Babies with HLHS may appear normal at birth but will soon show signs of serious heart failure, including:

  • Difficulty breathing

  • Poor feeding

  • Pale or bluish skin color (cyanosis)

  • Weak pulse

  • Lethargy

Diagnosis

HLHS is often detected before birth during a prenatal ultrasound or shortly after birth due to the presence of symptoms. Diagnostic tests include:

  • Echocardiogram: An ultrasound of the heart to visualize its structure and function.

  • Electrocardiogram (ECG): To measure the electrical activity of the heart.

  • Chest X-ray: To view the size and shape of the heart and lungs.

  • Cardiac catheterization: A procedure to measure pressures within the heart chambers and blood vessels.

Treatment

Treatment for HLHS requires a series of complex surgical procedures performed in stages:

  1. Norwood Procedure: Performed shortly after birth, this surgery reconstructs the aorta and connects it directly to the right ventricle.

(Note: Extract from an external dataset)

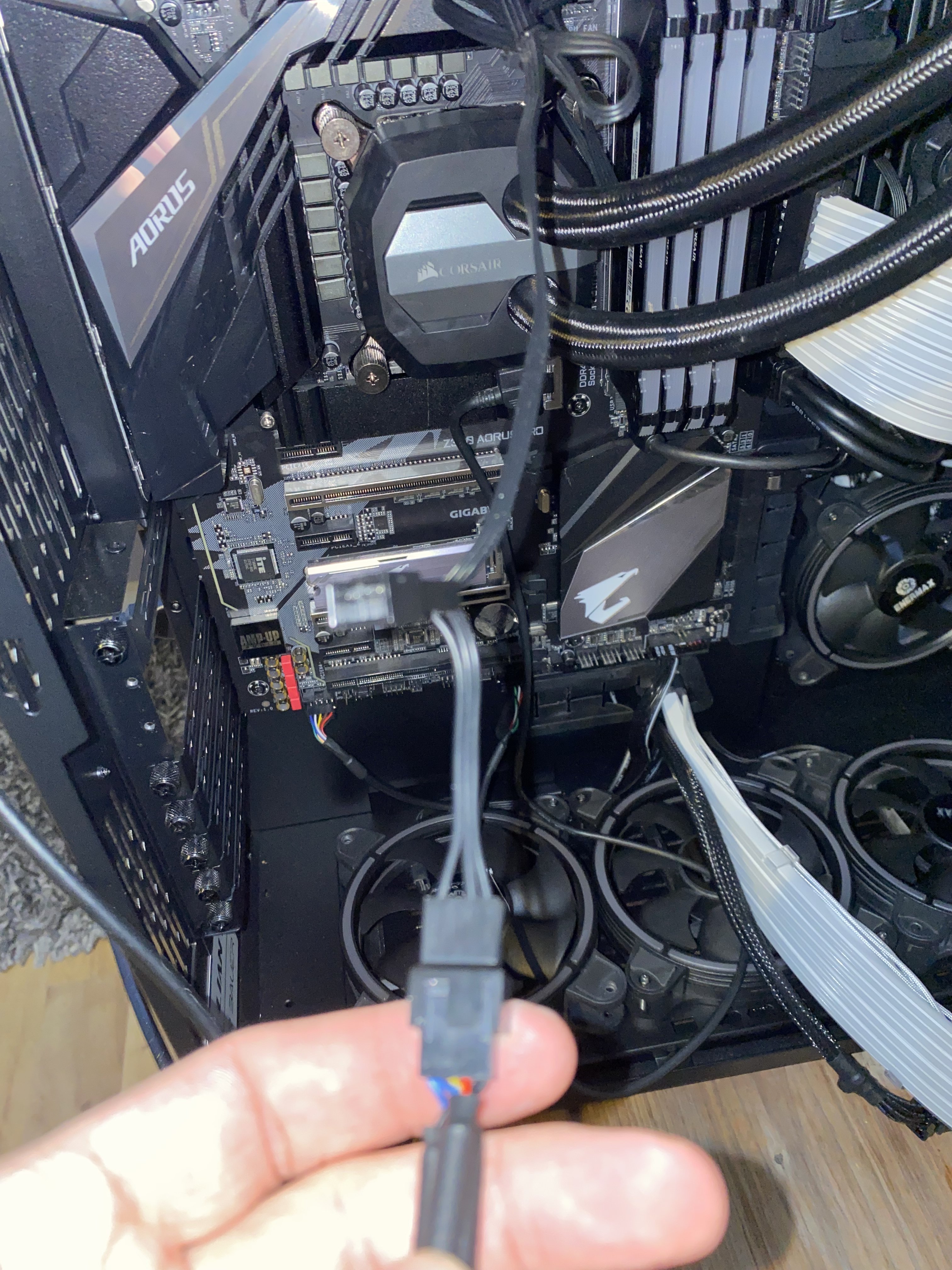 Ich habe heute mein neues Gehäuse bekommen und habe alles vom alten ins neue Gehäuse gebaut, auch meine Corsair H100i AiO WaKü. Nachdem ich alles umgebaut habe und den Pc das erste mal angeschlossen habe und anmachte, gluckerte die AiO kurz (gehe davon aus, dass sich das Wasser verteilt hat?) und danach lief sie ohne Geräusche. Ich Steuer ALLE Lüfter, auch die, die auf dem AiO Block sitzen über den Enermax rgb Controller. Jedenfalls fiel mir auf, dass der Pc total langsam lief, ich schaute nach den Temps und CPU ist im Idle schon bei 90 grad. Ich weiß nicht, was ich falsch gemacht habe. Neuer Wärmeleitpaste ist drauf, Kleber der Rückseite ist schon ewig ab, richtig montiert ist sie auch. Ich lade euch nochmal 2-3 Bilder hoch, wie ich es verkabelt habe. Evtl hab ich ja doch was vergessen, was mir nicht auffiel. Die 2 Stecker auf dem einem Bild, die in meiner Hand liegen.. ich erinner mich nicht mehr, was das war.. sind das die Anschlüsse für die Pumpe? Wenn ja, dann weiß ich ja, woran es liegt, weil die sind nämlich nicht angeschlossen.
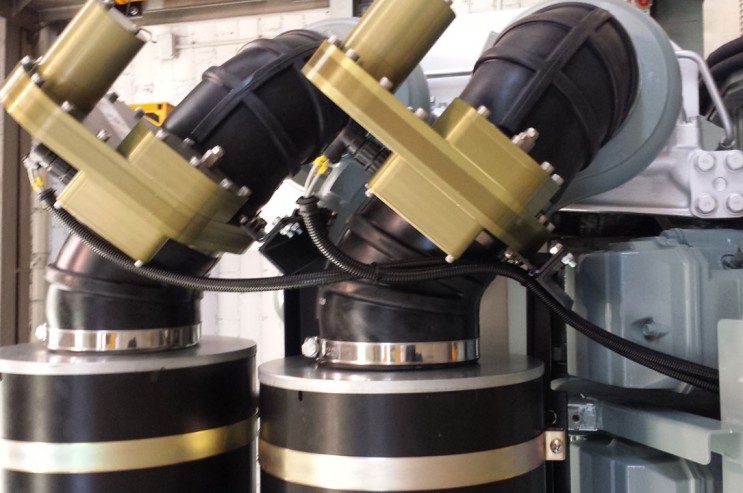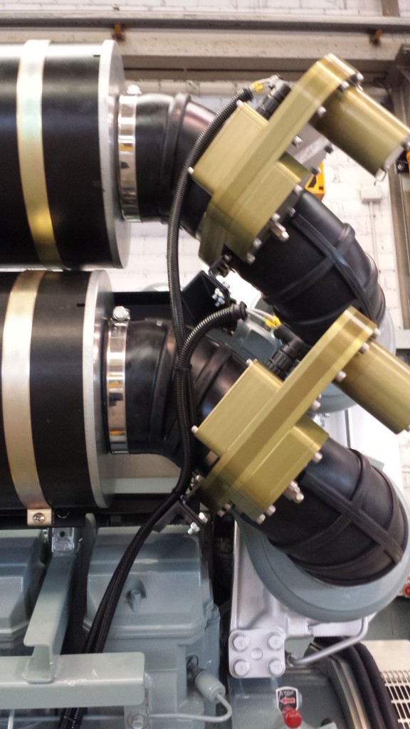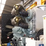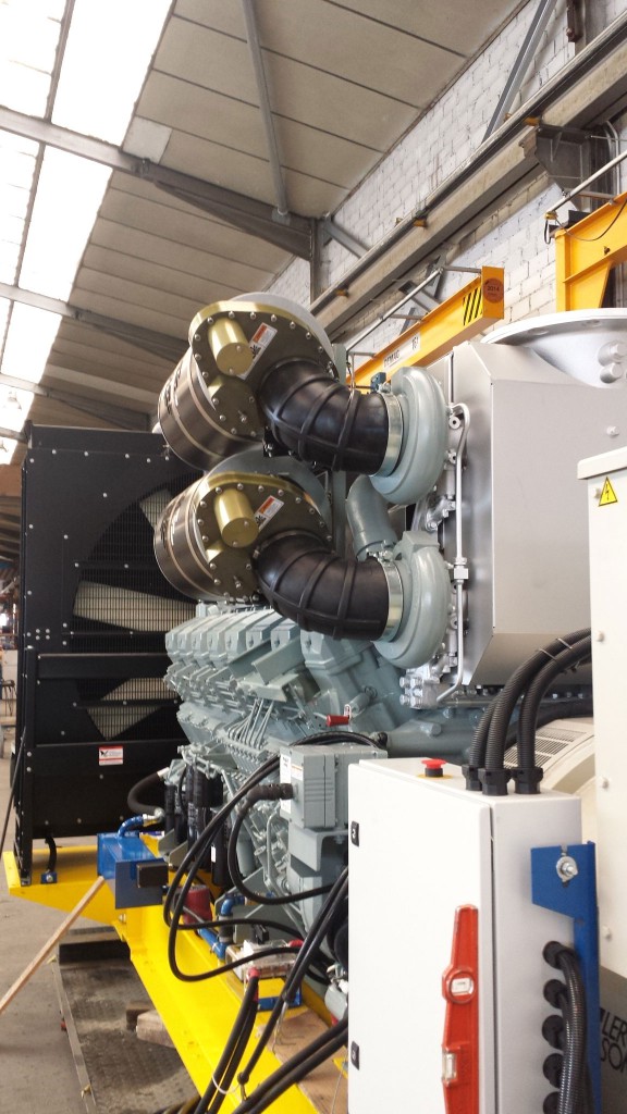 Válvulas de corte de aire de Galí instaladas en motores Mitsubishi S16R-PTA2 para la generación de energía en las construcciones del cliente en Barcelona, España.

  2. Bidirectional Glenn Procedure or Hemi-Fontan Procedure: Performed at 4-6 months of age, this procedure involves redirecting oxygen-poor blood directly from the upper body to the lungs, bypassing the heart.

  3. Fontan Procedure: Usually performed between 18 months and 3 years of age, this final stage directs oxygen-poor blood from the lower body to the lungs.

In some cases, a heart transplant may be considered as an alternative to these surgeries.

Long-term Outlook

Children with HLHS require life-long cardiac care. They may face challenges related to their heart function, growth, development, and may have limitations in physical activity. Despite advancements in surgical techniques and medical care, HLHS remains one of the most challenging congenital heart defects to manage. Regular follow-up with a pediatric cardiologist is essential to monitor heart function, detect complications, and manage any related health issues.